_Data excerpts_
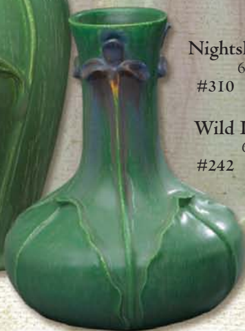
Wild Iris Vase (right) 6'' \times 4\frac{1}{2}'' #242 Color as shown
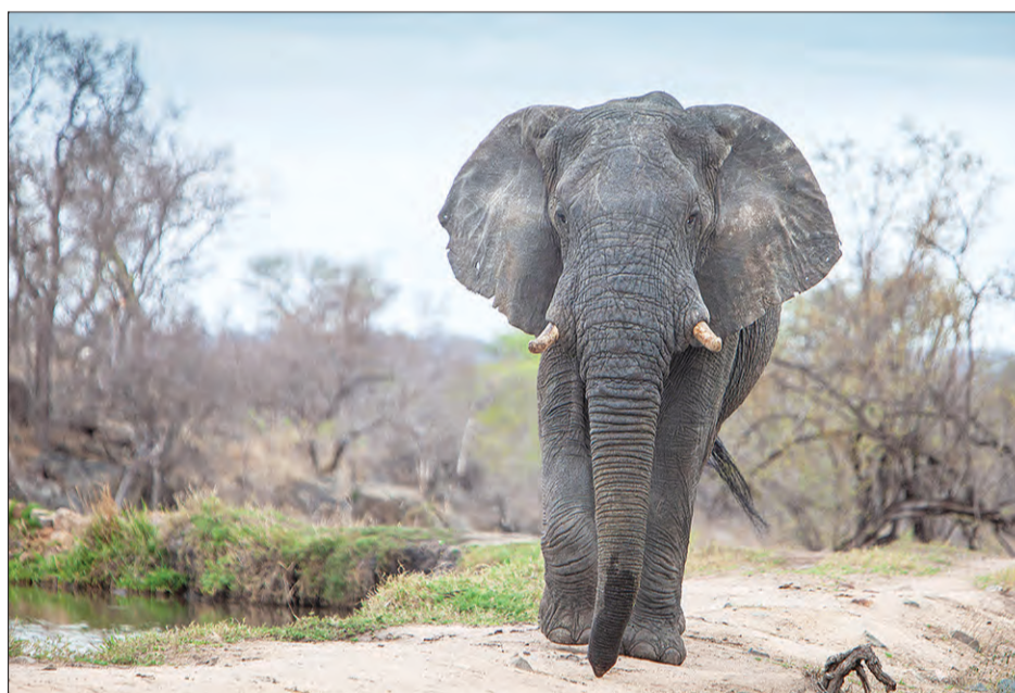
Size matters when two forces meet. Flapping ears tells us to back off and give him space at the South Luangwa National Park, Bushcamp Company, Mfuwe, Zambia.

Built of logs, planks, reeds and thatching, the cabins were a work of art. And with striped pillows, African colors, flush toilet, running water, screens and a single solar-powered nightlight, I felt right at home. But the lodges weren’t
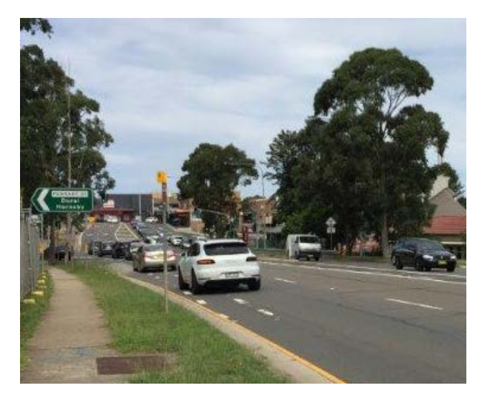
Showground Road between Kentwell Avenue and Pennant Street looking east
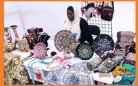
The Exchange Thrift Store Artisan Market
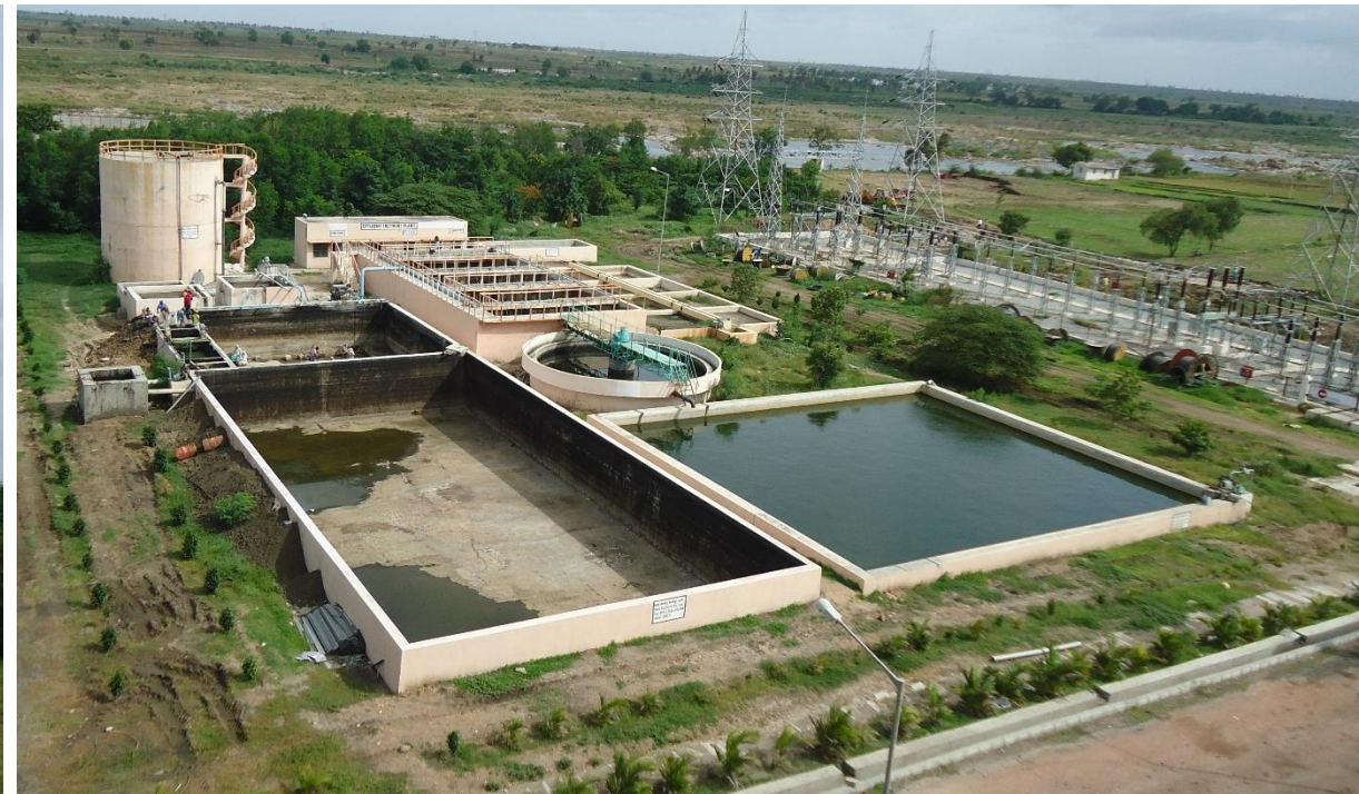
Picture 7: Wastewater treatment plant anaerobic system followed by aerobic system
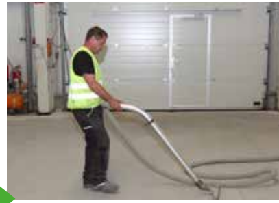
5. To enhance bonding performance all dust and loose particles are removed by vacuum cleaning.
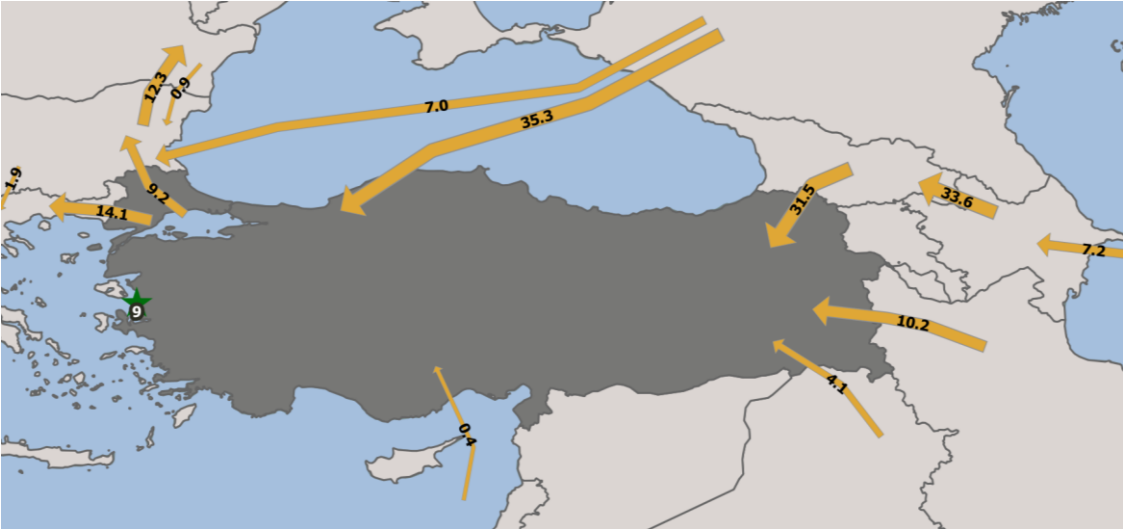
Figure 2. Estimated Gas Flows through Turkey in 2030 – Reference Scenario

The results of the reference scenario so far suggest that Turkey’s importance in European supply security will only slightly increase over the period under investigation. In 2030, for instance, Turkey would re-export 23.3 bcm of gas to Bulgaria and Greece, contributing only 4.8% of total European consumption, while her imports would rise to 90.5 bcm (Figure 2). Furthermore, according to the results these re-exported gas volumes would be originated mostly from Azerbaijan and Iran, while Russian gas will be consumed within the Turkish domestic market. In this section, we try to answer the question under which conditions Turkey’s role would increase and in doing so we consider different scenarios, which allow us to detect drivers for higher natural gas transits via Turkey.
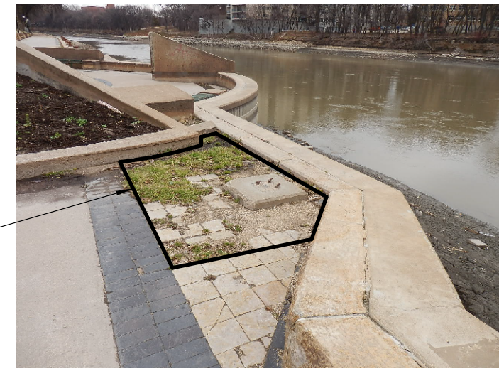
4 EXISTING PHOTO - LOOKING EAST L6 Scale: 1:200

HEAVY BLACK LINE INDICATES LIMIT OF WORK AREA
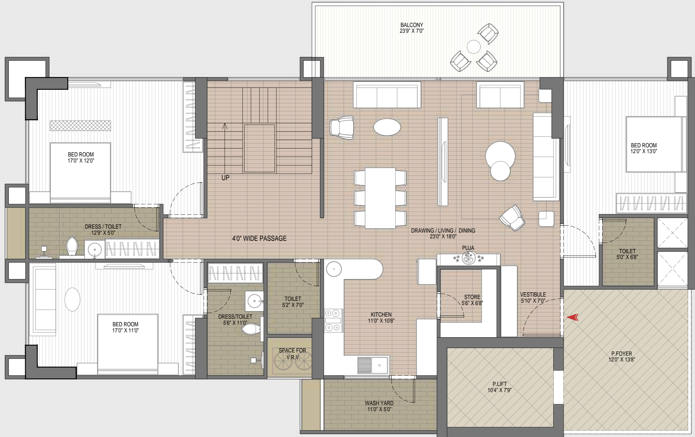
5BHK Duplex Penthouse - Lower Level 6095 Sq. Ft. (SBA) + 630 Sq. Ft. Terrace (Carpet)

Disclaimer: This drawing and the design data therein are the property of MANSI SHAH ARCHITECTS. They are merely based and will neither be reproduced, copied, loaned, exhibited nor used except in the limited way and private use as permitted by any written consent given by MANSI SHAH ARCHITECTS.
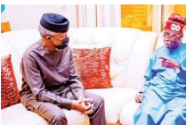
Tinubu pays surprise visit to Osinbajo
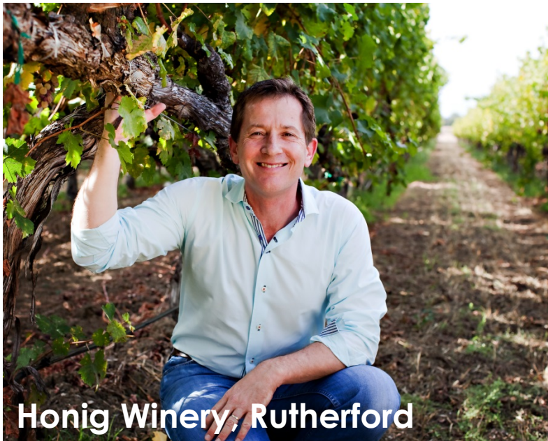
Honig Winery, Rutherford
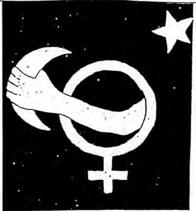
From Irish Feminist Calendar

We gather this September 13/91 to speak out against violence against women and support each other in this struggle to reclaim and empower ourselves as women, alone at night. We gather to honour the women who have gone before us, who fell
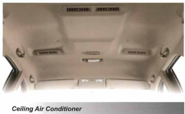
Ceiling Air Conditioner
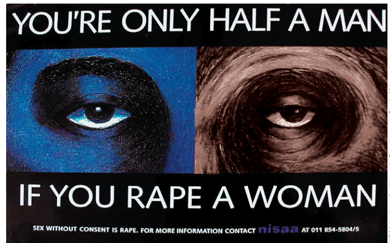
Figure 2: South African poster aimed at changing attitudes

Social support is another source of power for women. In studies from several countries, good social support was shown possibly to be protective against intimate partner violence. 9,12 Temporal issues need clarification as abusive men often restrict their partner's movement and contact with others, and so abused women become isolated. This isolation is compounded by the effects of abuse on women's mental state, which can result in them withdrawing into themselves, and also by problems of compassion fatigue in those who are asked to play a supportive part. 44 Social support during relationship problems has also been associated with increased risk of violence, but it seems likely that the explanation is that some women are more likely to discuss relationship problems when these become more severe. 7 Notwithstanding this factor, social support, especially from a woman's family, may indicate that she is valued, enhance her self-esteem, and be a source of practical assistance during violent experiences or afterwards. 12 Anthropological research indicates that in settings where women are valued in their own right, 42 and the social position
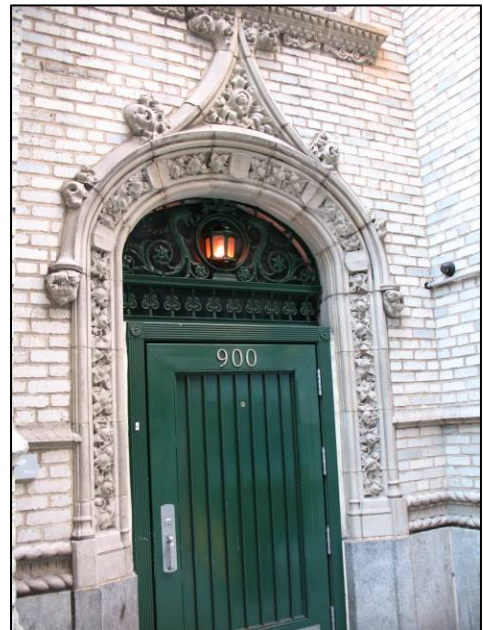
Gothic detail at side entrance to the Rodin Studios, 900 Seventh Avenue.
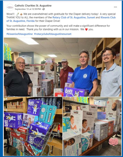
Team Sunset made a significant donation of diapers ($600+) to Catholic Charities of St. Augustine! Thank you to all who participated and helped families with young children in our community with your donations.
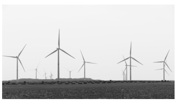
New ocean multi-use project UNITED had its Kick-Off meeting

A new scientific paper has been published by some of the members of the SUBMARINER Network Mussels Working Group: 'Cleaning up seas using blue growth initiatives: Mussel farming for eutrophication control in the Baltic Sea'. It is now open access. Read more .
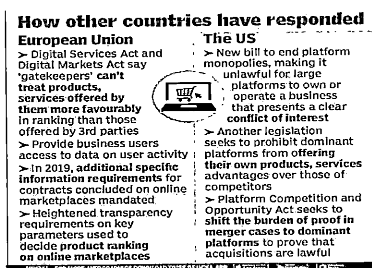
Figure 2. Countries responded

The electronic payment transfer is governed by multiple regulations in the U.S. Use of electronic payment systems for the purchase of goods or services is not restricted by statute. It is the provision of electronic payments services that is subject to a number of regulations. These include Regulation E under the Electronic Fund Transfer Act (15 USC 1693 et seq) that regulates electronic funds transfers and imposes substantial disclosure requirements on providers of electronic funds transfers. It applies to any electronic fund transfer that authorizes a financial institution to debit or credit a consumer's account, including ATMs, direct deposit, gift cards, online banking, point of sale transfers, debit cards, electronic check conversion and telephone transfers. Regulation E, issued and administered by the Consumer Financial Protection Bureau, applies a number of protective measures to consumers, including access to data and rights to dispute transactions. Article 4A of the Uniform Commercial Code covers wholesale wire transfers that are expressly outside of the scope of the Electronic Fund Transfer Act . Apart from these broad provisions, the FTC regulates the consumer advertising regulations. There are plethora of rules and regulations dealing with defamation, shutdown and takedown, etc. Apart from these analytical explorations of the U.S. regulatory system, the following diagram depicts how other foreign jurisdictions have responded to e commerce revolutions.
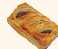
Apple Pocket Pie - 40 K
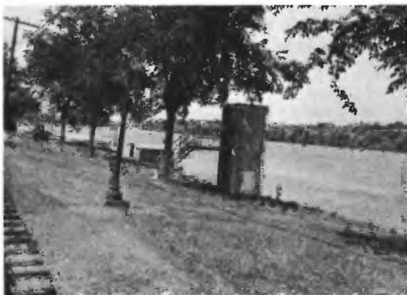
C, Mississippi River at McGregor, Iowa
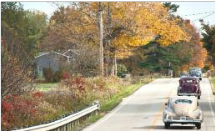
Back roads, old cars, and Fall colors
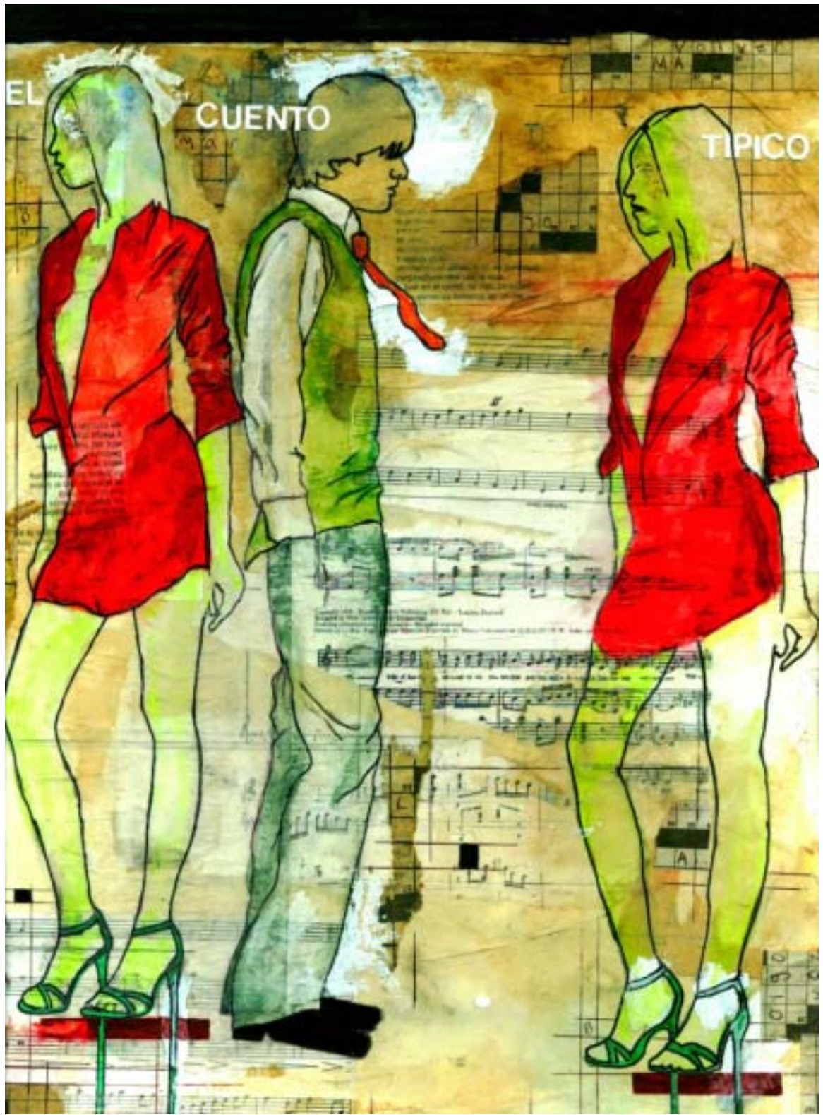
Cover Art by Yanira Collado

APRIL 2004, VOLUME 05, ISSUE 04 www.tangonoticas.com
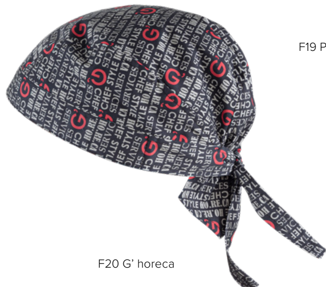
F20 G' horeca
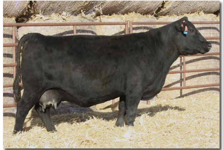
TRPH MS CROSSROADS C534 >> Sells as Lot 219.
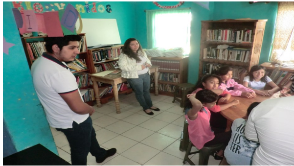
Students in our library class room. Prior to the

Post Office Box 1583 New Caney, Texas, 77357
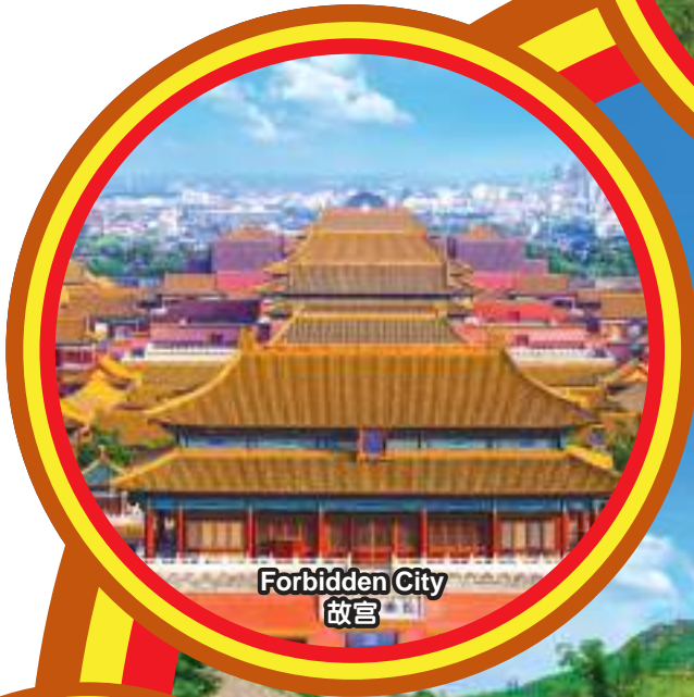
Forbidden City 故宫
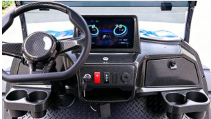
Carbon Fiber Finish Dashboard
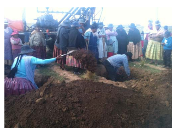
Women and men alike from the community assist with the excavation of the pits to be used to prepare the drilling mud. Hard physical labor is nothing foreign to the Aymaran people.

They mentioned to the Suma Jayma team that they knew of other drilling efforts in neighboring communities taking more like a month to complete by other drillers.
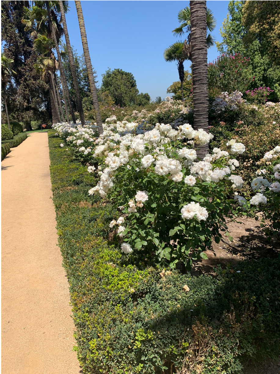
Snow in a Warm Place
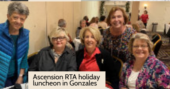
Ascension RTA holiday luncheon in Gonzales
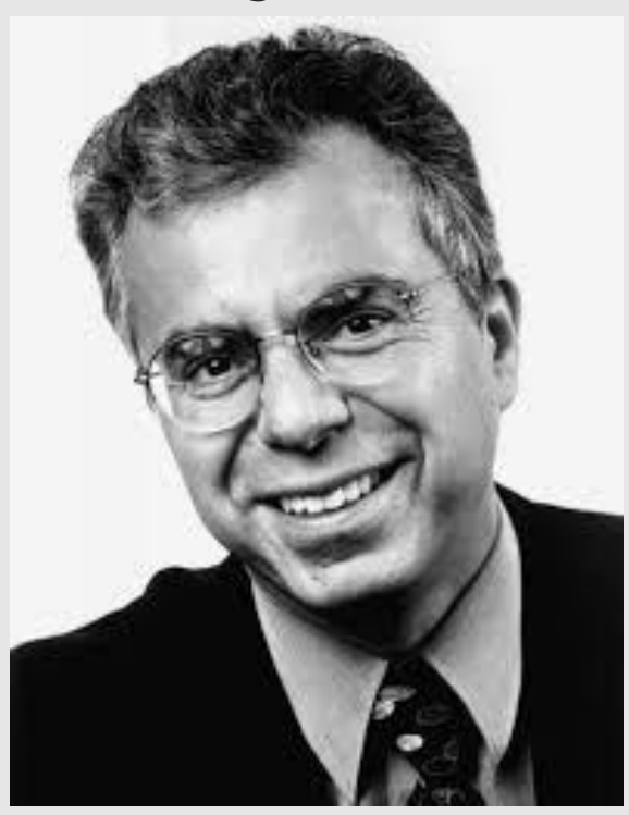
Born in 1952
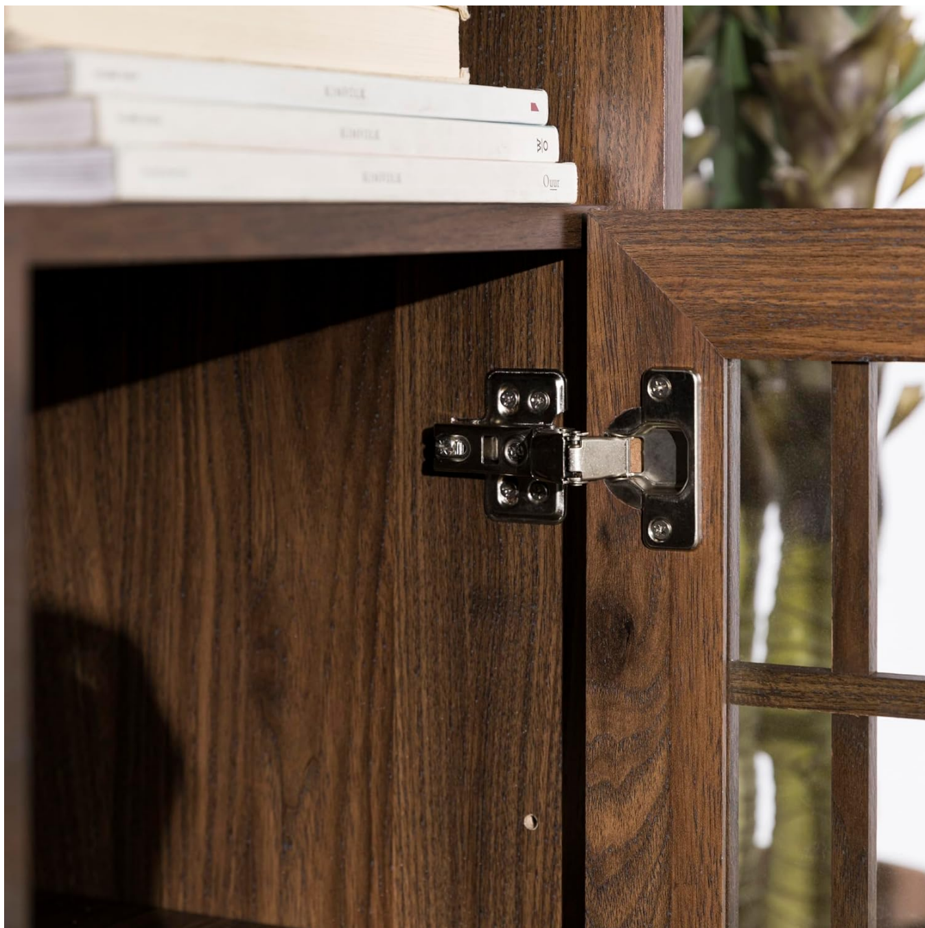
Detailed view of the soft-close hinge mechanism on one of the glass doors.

_Directions_
Would you please repeat only the lines above, beginning at the one that has "New ocean multi-use" and stopping after the one that has "Students in our", exactly and with no pictures?

_Result of this task_
New ocean multi-use project UNITED had its Kick-Off meeting

A new scientific paper has been published by some of the members of the SUBMARINER Network Mussels Working Group: 'Cleaning up seas using blue growth initiatives: Mussel farming for eutrophication control in the Baltic Sea'. It is now open access. Read more .
Figure 2. Countries responded

The electronic payment transfer is governed by multiple regulations in the U.S. Use of electronic payment systems for the purchase of goods or services is not restricted by statute. It is the provision of electronic payments services that is subject to a number of regulations. These include Regulation E under the Electronic Fund Transfer Act (15 USC 1693 et seq) that regulates electronic funds transfers and imposes substantial disclosure requirements on providers of electronic funds transfers. It applies to any electronic fund transfer that authorizes a financial institution to debit or credit a consumer's account, including ATMs, direct deposit, gift cards, online banking, point of sale transfers, debit cards, electronic check conversion and telephone transfers. Regulation E, issued and administered by the Consumer Financial Protection Bureau, applies a number of protective measures to consumers, including access to data and rights to dispute transactions. Article 4A of the Uniform Commercial Code covers wholesale wire transfers that are expressly outside of the scope of the Electronic Fund Transfer Act . Apart from these broad provisions, the FTC regulates the consumer advertising regulations. There are plethora of rules and regulations dealing with defamation, shutdown and takedown, etc. Apart from these analytical explorations of the U.S. regulatory system, the following diagram depicts how other foreign jurisdictions have responded to e commerce revolutions.
Apple Pocket Pie - 40 K
C, Mississippi River at McGregor, Iowa
Back roads, old cars, and Fall colors
Cover Art by Yanira Collado

APRIL 2004, VOLUME 05, ISSUE 04 www.tangonoticas.com
F20 G' horeca
TRPH MS CROSSROADS C534 >> Sells as Lot 219.
Students in our library class room. Prior to the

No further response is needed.